» **RECORDED DATA**:
-*-
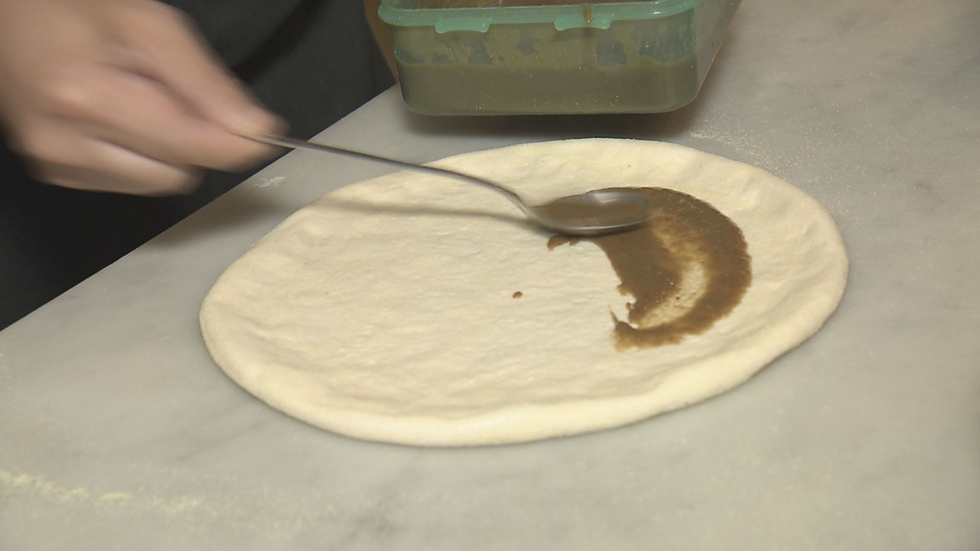 まず乾燥ポルチーニを水で戻し、ミキサーにかけたものを、ソースとして生地に塗ります。
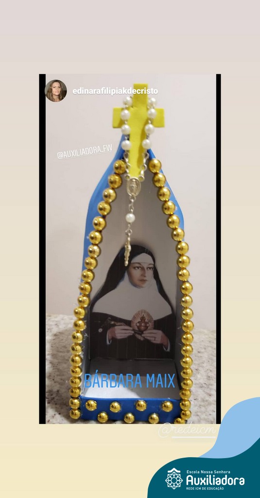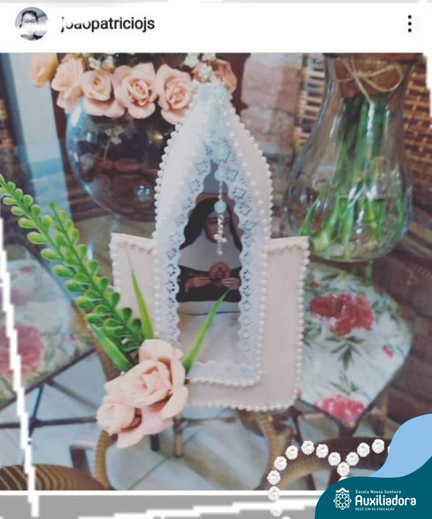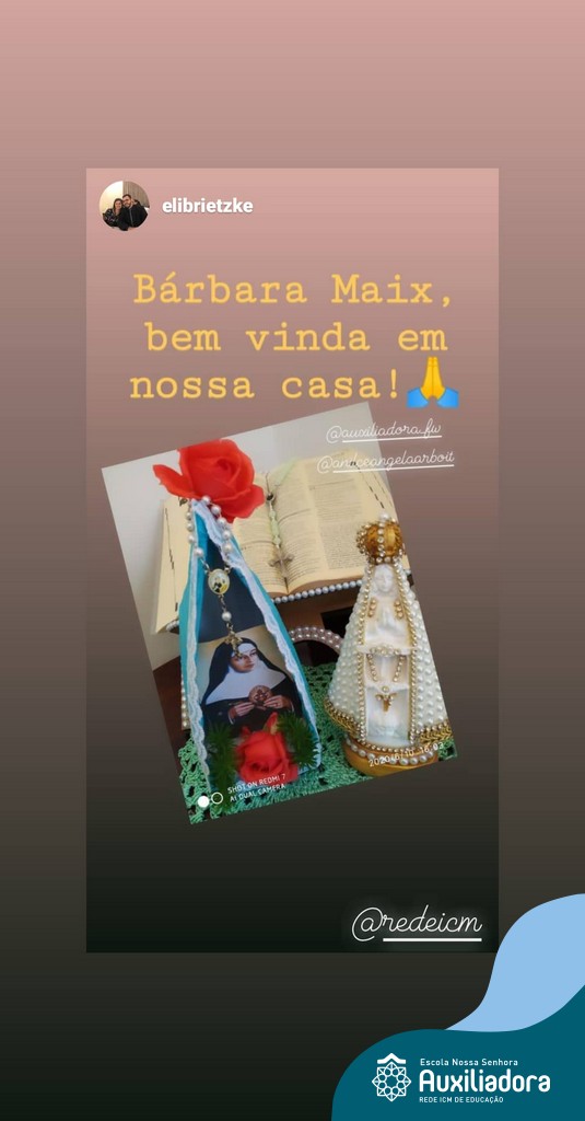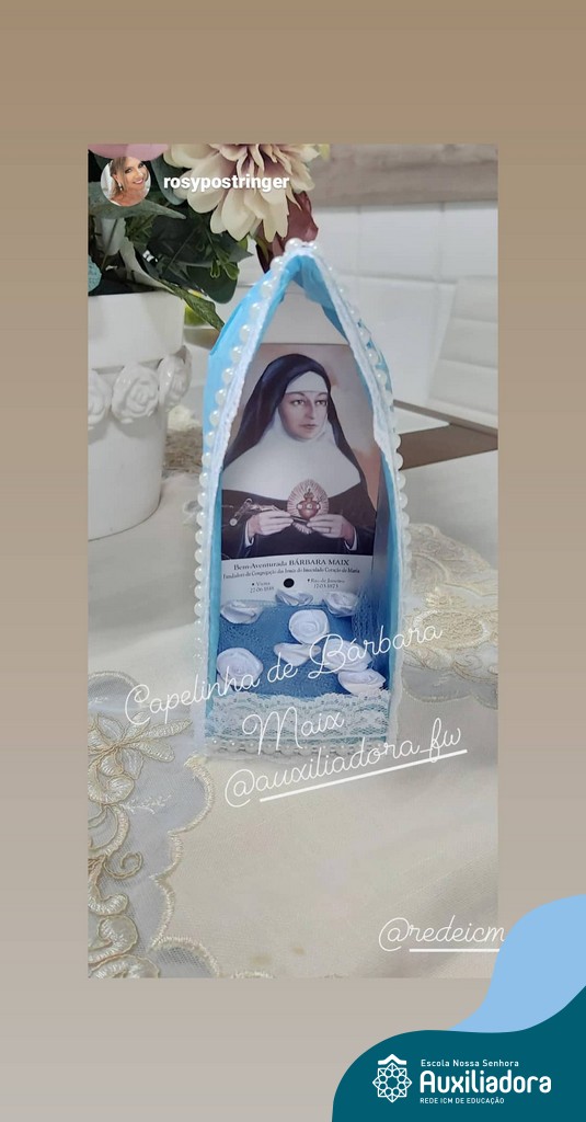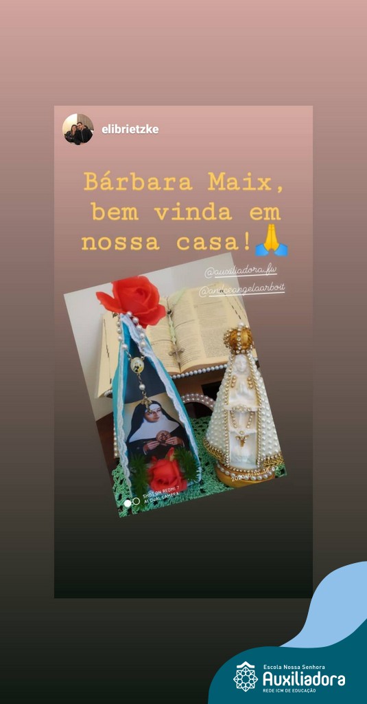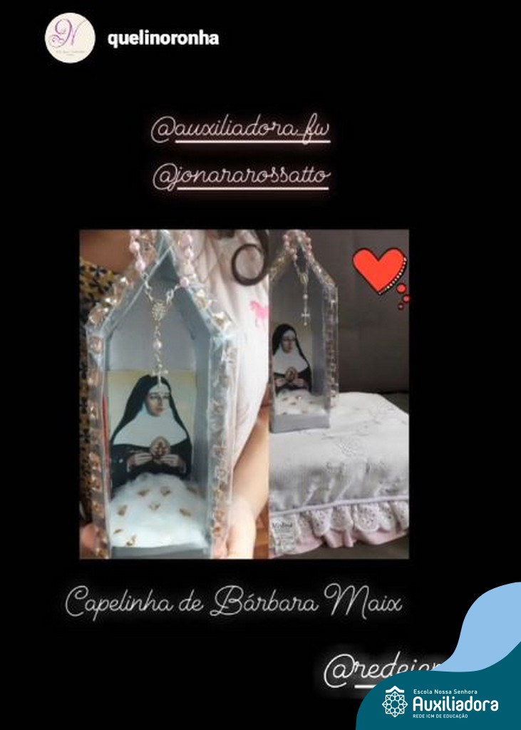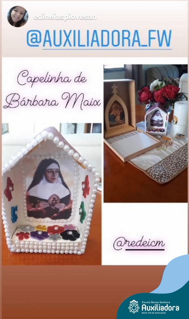 Estamos participando com nosso trabalho pastoral relembrando a Capelinha de Bárbara Maix que todo ano visitava as casas das famílias de nossos alunos. 🏠🧕
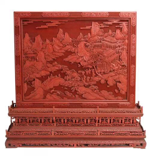此座屏器身通体为剔红工艺制作。屏心与底座之间安有榫卯和螺丝,可拆卸和组装。至于屏风的边框和底座,通常采用红木、紫檀、鸡翅木、花梨木或其他硬杂木制作。
-*-
» **WHAT TO PRODUCE**: Without including a single picture, restate all of the data word for word.

» **YOUR SOLUTION**:
 まず乾燥ポルチーニを水で戻し、ミキサーにかけたものを、ソースとして生地に塗ります。
 Estamos participando com nosso trabalho pastoral relembrando a Capelinha de Bárbara Maix que todo ano visitava as casas das famílias de nossos alunos. 🏠🧕
此座屏器身通体为剔红工艺制作。屏心与底座之间安有榫卯和螺丝,可拆卸和组装。至于屏风的边框和底座,通常采用红木、紫檀、鸡翅木、花梨木或其他硬杂木制作。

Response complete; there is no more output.